An federal court in Anchorage has decided in Anchorage that U.S. government officials did not violate their duties when they approved an emergency hunt in Kake, which is in Southeast Alaska town of Kake in the beginning of the COVID-19 epidemic.
The ruling, which was announced on today by the judge Sharon Gleason, is the most recent chapter in a lengthy dispute between the Alaskan government Alaska with federal government officials about who is able to regulate subsistence fishing and hunting on public land in Alaska.
Gleason is also in charge of another, unrelated suit from US government against Alaska’s state Alaska in relation to the control of Kuskokwim River subsistence salmon fishing and the recently released verdict may shed some more light on the way Gleason decides to interpret the case.
In the decision of Friday, Gleason concluded that the Federal Subsistence Board, FSB was entitled to allow an emergency hunt for moose and deer close to Kake after the COVID-19 outbreak disrupted food production.
It was a successful hunt that was successful in delivered deer and moose’s meat for 135 families in Kake it was authorized under an article of Alaska National Interest Lands Conservation Act, ANILCA, that obliges Federal land management agencies to give priority to subsistence hunting and fishing for rural residents.
The Alaska Constitution prohibits the treatment of urban and rural subsistence hunters differently. As a result, that’s why the Alaska Department of Fish and Game brought suit in 2020.
Gleason had previously refused her decision to make an official order to stop similar hunts in the future, and in 2021 she declared that the issue was not relevant since the hunt was been completed.
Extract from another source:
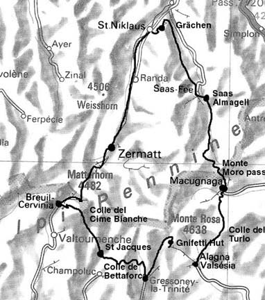 Ken Baldry's Alpine PagesMonte Rosa Rundtour - Map & maps required |

However, the state made an appeal before the 9th U.S. Circuit Court of Appeals, in which it ruled Gleason must consider the merits of the case since an emergency hunt could be repeated.
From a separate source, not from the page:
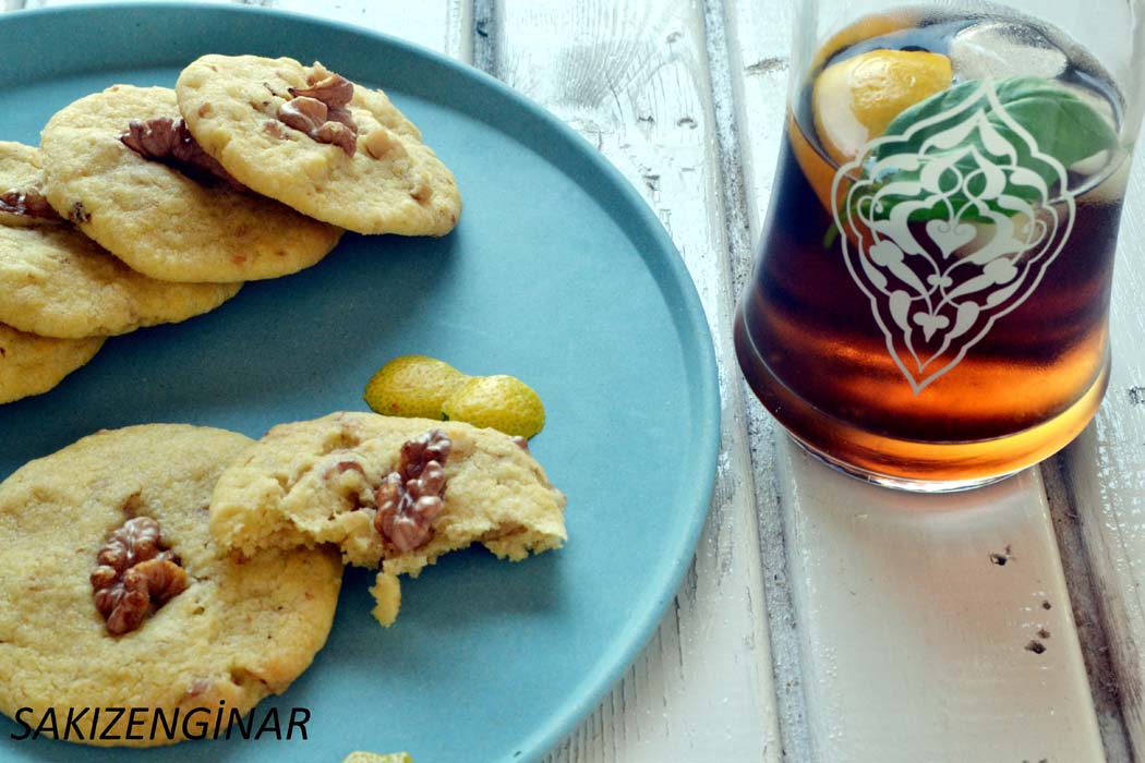 Mutfak tezgahını unlayın hamuru silindir şekline gelmesi için yuvarlayın.1 cm. dilimleri bıçakla kesin. Yağlı kağıt serdiğiniz fırın tepsisine yerleştirin. Her bir kurabiyenin üzerine ceviz yerleştirin.

This left Gleason to consider further arguments that led to the decision on Friday.
The core of the problem, Gleason said, was the state’s argument that there was nothing in ANILCA allowed to the subsistence authority of federal government power to allow hunting in the event that the state had already closed the hunt.
“The state claims that it cannot effectively manage the wildlife population when the federal government goes over the amount Congress has authorized and keeps allowing open season after season,” Gleason wrote.
However, Gleason pointed out that a federal law that has been in effect for more than 30 years permits the subsistence board to “‘immediately open or shut down public lands to permit the taking of wildlife and fish for subsistence use in the event of an emergency.”
The regulation is in place, Gleason said, because Congress specifically permitted to the Secretaries of Interior and Agriculture to create regulations to enforce the provisions of ANILCA that cover fishing and hunting.
“The Court concludes that the FSB was not in violation of its authority as a statutory agency in Title VIII of ANILCA when it announced the emergency hunt in Kake’s Organized village of Kake in the early stages of COVID-19’s pandemic, for security reasons for the public, when it delegated authority to allow emergencies hunts for local land management officials of the federal government and then delegated to the OVK the authority to select who would take part in the hunt to its benefit to the entire community of Kake and the manner in which the meat would be distributed” she wrote.
The Alaska Department of Law, representing the Department of Fish and Game is still deciding whether to appeal Gleason’s decision.
“We’re unhappy with the decision of Judge Gleason. We’ll continue to study and consider our alternatives,” said Patty Sullivan as an attorney, who serves as the representative for the organization.